According to November speculation by former NFL agent Joel Corry, Bell’s transition tag amount for 2019 would likely be $14.544 million, which was the same as the running back’s franchise tag amount in 2018. He explained why that should be the amount after close examination of the league’s CBA.
“This number would be the greater of 120 percent of Bell’s prior year salary or the sum of the transition numbers at running back (average of 10 largest salaries annually) over the last five years divided by the cumulative salary caps for the same period where the resulting percentage is multiplied by the current year’s salary cap (known as Cap Percentage Average),” Corry explained. “Since the running back number from the Cap Percentage Average projects to approximately $9.2 million if the 2019 salary cap is set in the $190 million range, Bell’s previous salary would be applicable.
“The precise language in the CBA defining the prior year’s salary calculation dictates that the 120 percent will be measured from the $12.12 million franchise tag Bell played under in 2017 because he is sitting out this season. Bell’s transition number would be same $14.544 million as his current franchise tag.”
While that $14.544 million transition tag is a lot less than $25 million, the early expected 2019 franchise tag amount for quarterbacks, which is the level the Steelers would have to use if they decided to use that mechanism a third-consecutive year on the running back, using that particular mechanism doesn’t come without quite a bit of downside.
For starters, the Steelers would have to carry that $14.544 million transition tag amount against the salary cap once exercised. Additionally, a transition tag would only provide the Steelers a right to match an offer sheet from another team that Bell decides to sign and one must think he would get one to his liking. Should the Steelers then ultimately decide to not match a signed offer sheet from another team, they would lose Bell to said team and without any sort of draft pick compensation.

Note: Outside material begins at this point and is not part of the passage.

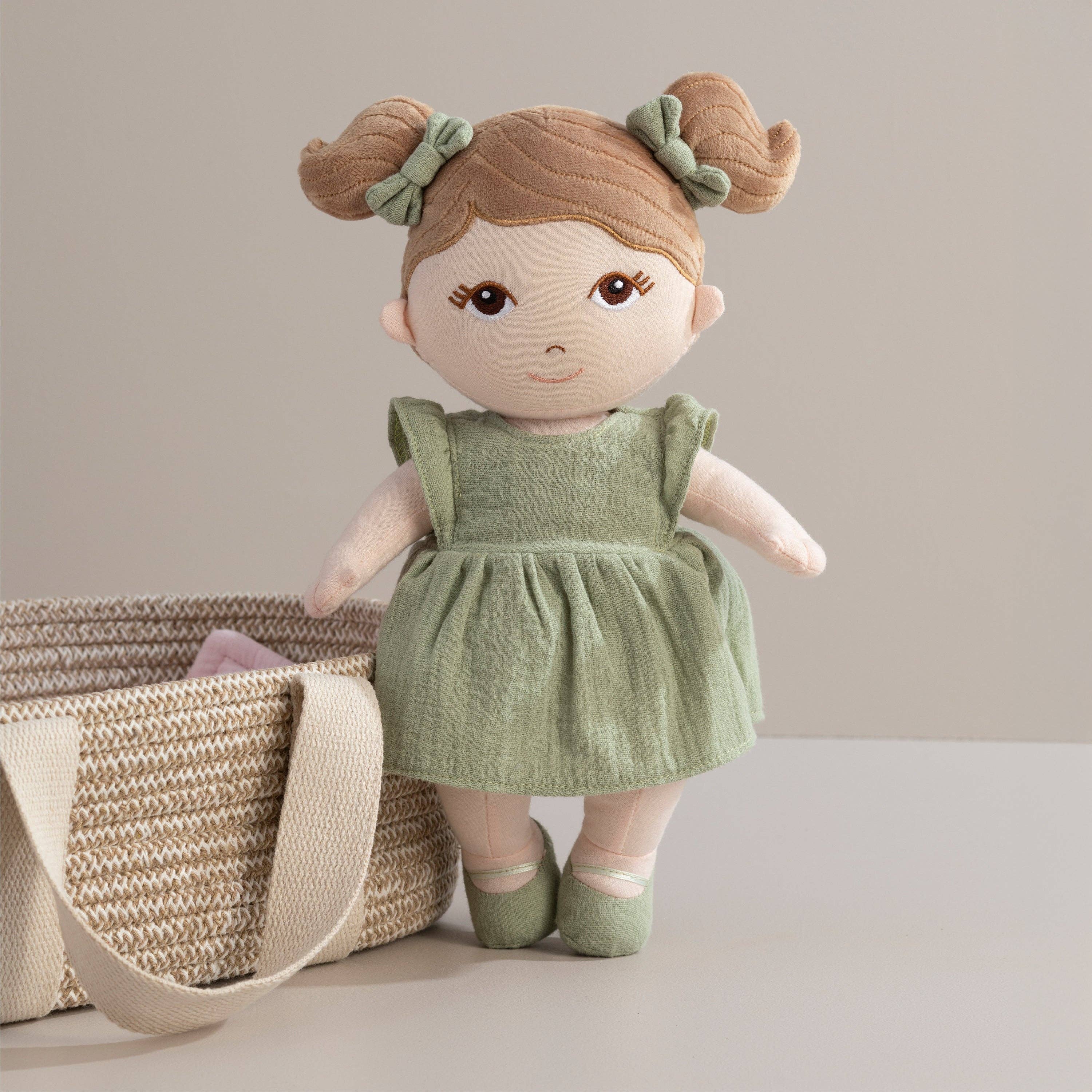 Featuring an endearing embroidered face, and 100% cotton muslin dress, Elena is sure to become baby’s favourite playtime friend.

Knowing the way the Steelers like to structure their long term lucrative deals and knowing the kind of offer sheet Bell would likely sign from another team, it seems like a a foregone conclusion that they would lose him and thus using the transition tag would be a fruitless and silly exercise.

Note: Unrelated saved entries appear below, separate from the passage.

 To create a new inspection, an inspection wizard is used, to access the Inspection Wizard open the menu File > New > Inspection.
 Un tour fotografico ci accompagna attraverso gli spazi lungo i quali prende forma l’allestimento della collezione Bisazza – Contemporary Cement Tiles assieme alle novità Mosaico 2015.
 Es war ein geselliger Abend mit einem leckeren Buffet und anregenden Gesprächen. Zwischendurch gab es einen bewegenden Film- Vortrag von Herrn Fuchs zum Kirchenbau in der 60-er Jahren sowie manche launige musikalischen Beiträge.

The Steelers could transition tag Bell and then attempt to trade him to another team. However, the only way another team would be willing to deal for Bell is if they have full intentions of matching whatever offer sheet the running back might decide to sign with yet another team if unable to sign him to a long-term contract prior to the start of free agency. In short, trading for a transition- tagged Bell seems like a risky proposition.
While the Steelers can now, and likely will, resume negotiating a new contract with Bell and his agent Adisa Bakari now that the 2018 season is over, it’s hard to imagine the two sides striking some sort of deal prior to the tag deadline or the start of free agency in mid March. If no new deal can be finalized in the coming weeks, the Steelers would be probably best-served to let Bell test unrestricted free agency and thus let him go in return for hopefully a 2020 third-round compensatory draft pick value.

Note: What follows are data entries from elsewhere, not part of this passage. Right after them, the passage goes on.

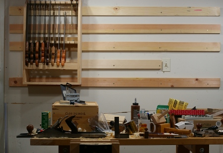 I even found my drawknife, so I put it up on a cleat to celebrate. Next, I’ll put the chisels up, provided that I can find them.
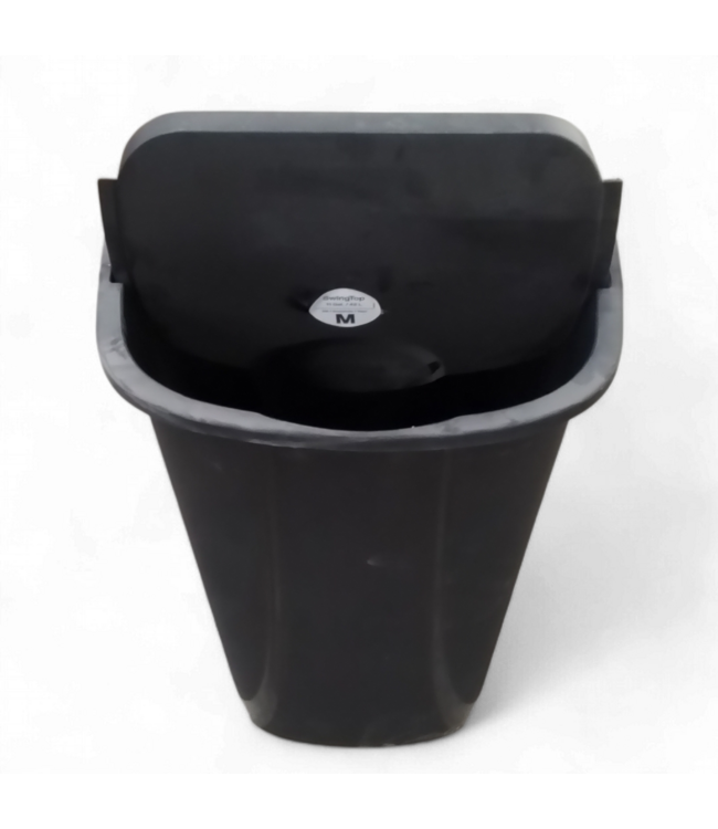 Good condition. Like new. Sterilite Black Plastic Wastebasket 13 -Gallon. Lid easily swings open when touched and stays open when locked in upright position. Durable design. BPA-free and phthalate-free.
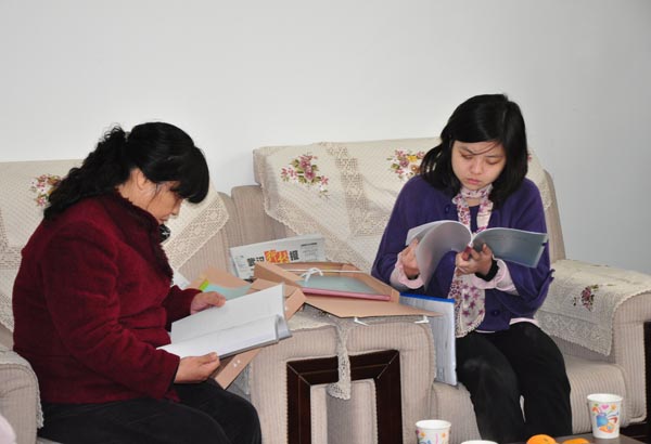 区爱卫会检查小组查看报社近年来卫生方面的各类档案资料。
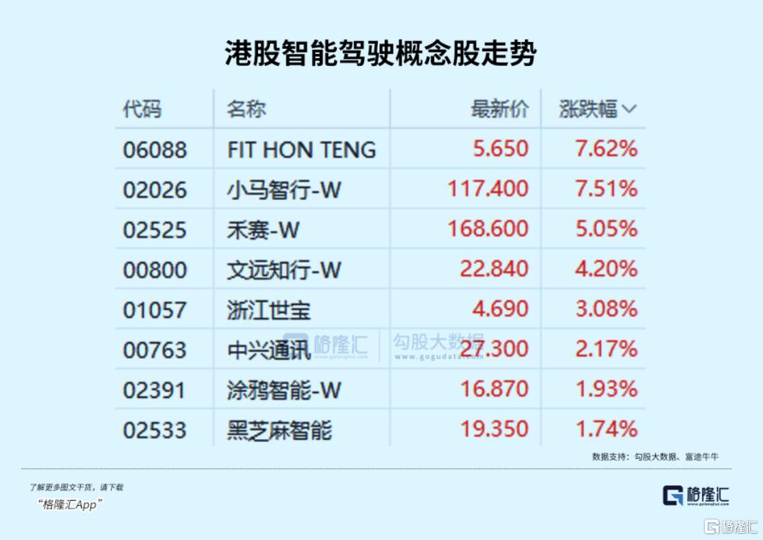 而国内方面,自动驾驶L3陆续推进,受这些消息催化,港股智驾概念股继续走高。
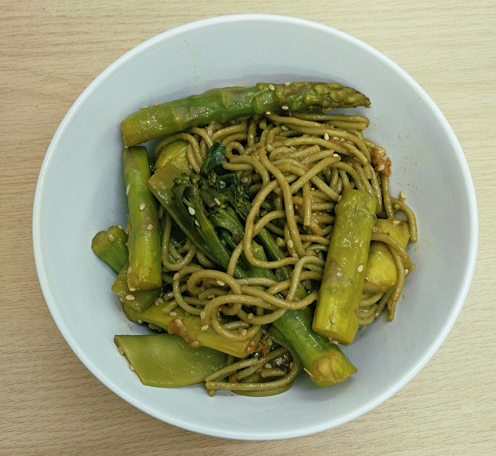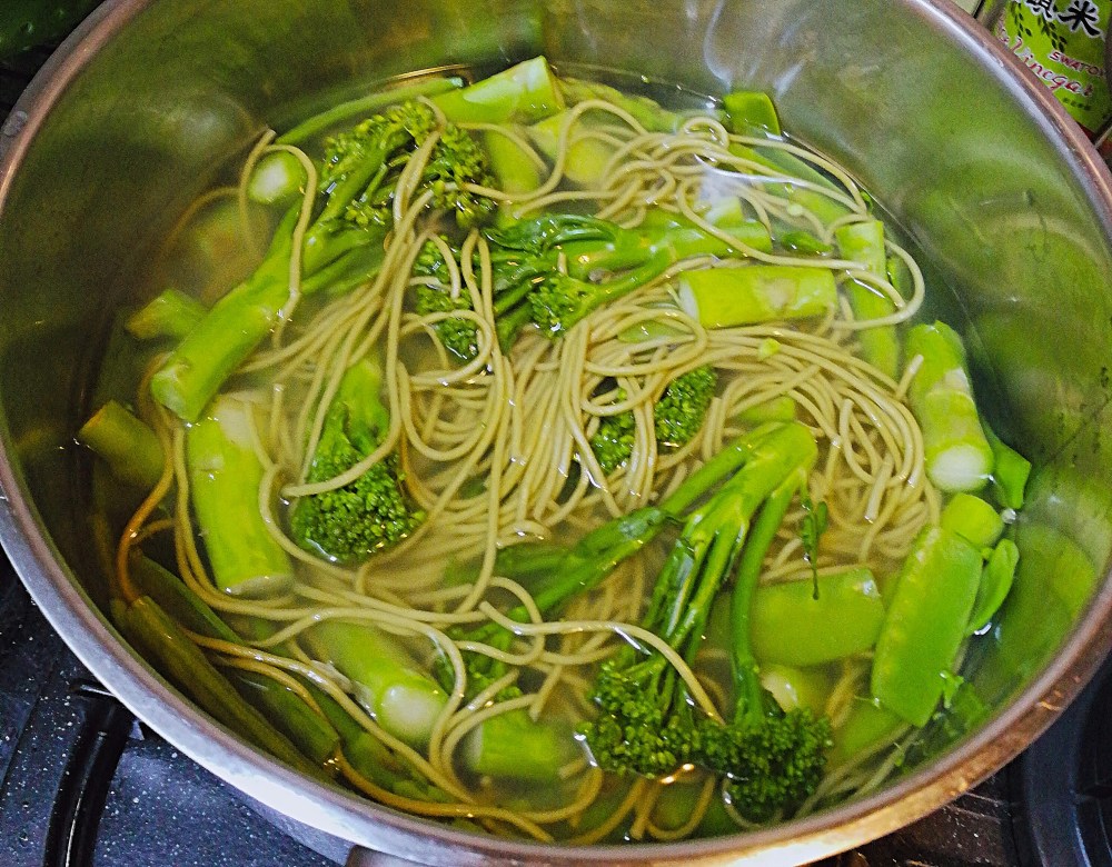 I promised more vegetarian friendly dishes, and this one is easy as anything. I never knew green tea noodles existed until a friend cooked dinner for me a couple of months ago. They’re soba noodles, so they’re lighter that your typical egg and wheat noodles, if that’s important to you.

While it’s hard to read too much into what all Rooney had to say about Bell’s immediate future when he talked to the Pittsburgh media on Thursday, he did seemingly give us a tiny hint that the running back will likely be allowed to ride off into the sunset in the coming weeks because of the quality of talent the team believes he’ll leave behind in fellow running backs James Conner and Jaylen Samuels.
“It looks like we have two good young players at that position at this point, so I feel like we’re in pretty good shape there,” Rooney said, according to Ed Bouchette of the Pittsburgh Post-Gazette.
With Bell sitting out all of 2018, Conner and Samuels combined to rush for 1,229 yards and 12 touchdowns on 271 total carries. Those two running backs also combined to catch 81 passes for 696 yards and 4 touchdowns. In 2017, Bell rushed for 1291 yards and 9 touchdowns on 291 carries and he caught 85 passes for another 655 yards and 2 touchdowns.
“We’ve got a decision to make, so we’ll probably have some discussions with his [Bell’s] representative here in the next few weeks and kind of talk through that,” Rooney said on Thursday.
If those talks with Bell’s representatives go anything like they have the last two offseasons, they’re bound to be short ones and not very prosperous. In short, don’t expect the Steelers to do anything with Bell this offseason other than waiving goodbye to him.
In case you’re curious, February 19 is the first day that NFL teams can designate franchise and transition players. The deadline for tagging players this year is March 5 and the start of the 2019 new league year is March 13.